== TASK PROMPT ==
Copy out the listing below exactly, please, and skip any pictures.

== GIVEN MATERIAL ==
====================

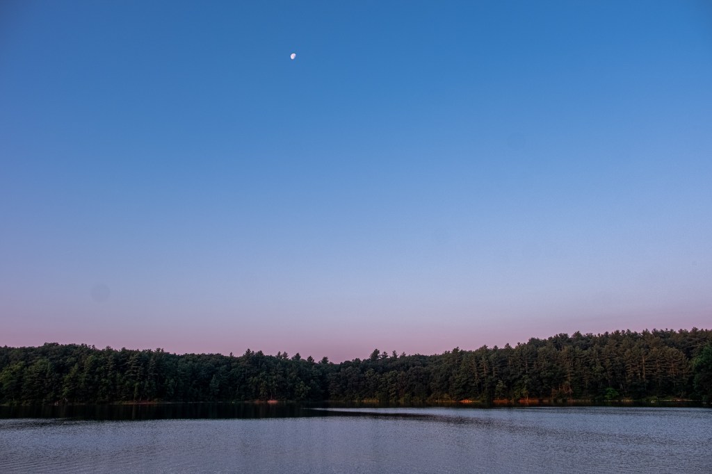 Slowly the sun displaces the moon over Walden Pond, July 2023.
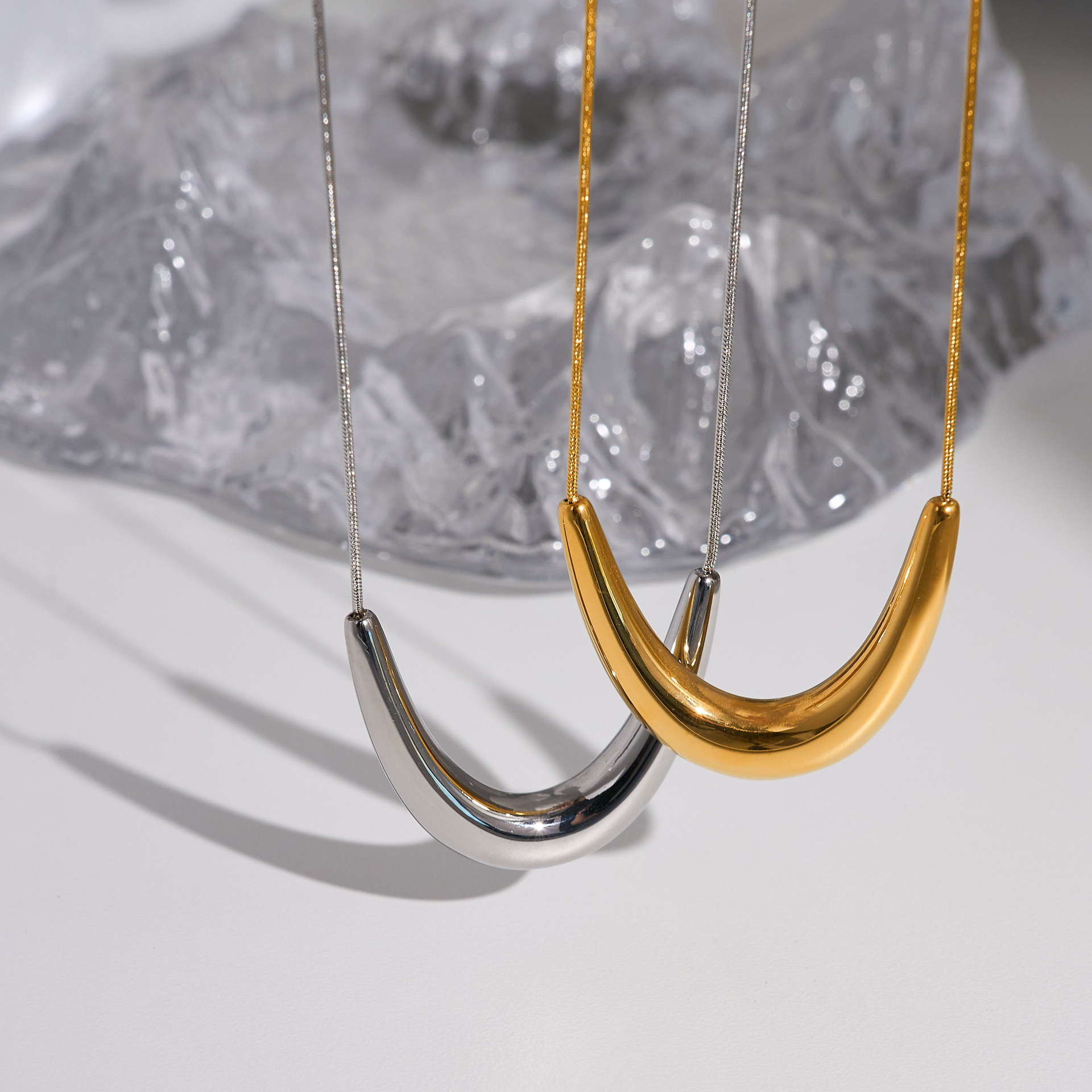 in stock Wholesale European and American INS Cross-border 18k Gold Plated Boho Style POP Titanium Steel Retro Geometric U-Shaped Necklace
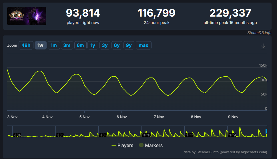 O que mais chama a atenção é a comparação com o jogo original, lançado há 12 anos. O primeiro Path of Exile, impulsionado pela recente atualização “Keeper of the Flame”, registra picos regulares acima de 110.000 usuários.

====================

== FINAL ANSWER ==
 Slowly the sun displaces the moon over Walden Pond, July 2023.
 in stock Wholesale European and American INS Cross-border 18k Gold Plated Boho Style POP Titanium Steel Retro Geometric U-Shaped Necklace
 O que mais chama a atenção é a comparação com o jogo original, lançado há 12 anos. O primeiro Path of Exile, impulsionado pela recente atualização “Keeper of the Flame”, registra picos regulares acima de 110.000 usuários.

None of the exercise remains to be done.